Supposez que les évaluations faites ou les réalités constatées permettent de prévoir ou de préciser, soit un déficit, soit une augmentation de la production de ces pays qui sont tous exportateurs. Immédiatement ces renseignemens exercent une influence sur la cote du blé dans le monde entier. La consommation, en effet, a des exigences régulières ; il faut qu’elle soit assurée — période par période — dans les pays importateurs notamment. Dès lors, l’annonce d’une mauvaise récolte dans les Indes ou en Australie déjoue les prévisions ordinaires, réduit les disponibilités connues ou escomptées, et provoque la hausse, de même qu’une bonne récolte annoncée, à pareille époque, eût déterminé un fléchissement des cours.

Sans doute, il y a compensation le plus souvent entre les réductions et les augmentations de la production du blé à la surface du globe ; le total de cette production reste à peu près constant, mais, à chaque époque spéciale correspondant à une grosse moisson, les marchés sont impressionnés par les bonnes ou mauvaises nouvelles.

Que s’est-il passé précisément depuis le mois de janvier 1915 ? M. Asquith l’a dit récemment. On a constaté, affirme-t-il, un déficit de la récolte indienne et australienne en même temps qu’un retard de la moisson d’Argentine. Or, ces trois récoltes ont lieu durant les premiers mois de chaque année, de janvier à mars ! La brusque montée des cours, soit à l’étranger, soit en France, se trouve donc expliquée.

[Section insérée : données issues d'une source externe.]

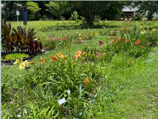
This Month in your Garden hgic.clemson.edu

Un autre fait explique et justifie la hausse sur les marchés européens : il s’agit de l’augmentation excessive des frais de transport par mer. Le fret de New-York ou de Buenos-Ayres à Liverpool a quintuplé. Il a même passé de 9 à 46 francs et de 12 à 91 francs par tonne, entre les mois de juillet 1914 et de février 1915[1] ! Il est clair que le prix de revient des fromens étrangers dans les ports d’Europe se trouve relevé, et, d’autre part, les détenteurs de blés indigènes, — commerçans ou cultivateurs, — bénéficient d’une hausse, puisque l’acheteur ne peut

  1. Voir le Bulletin de l’Institut international d’Agriculture (prix des frets maritimes), mars 1915.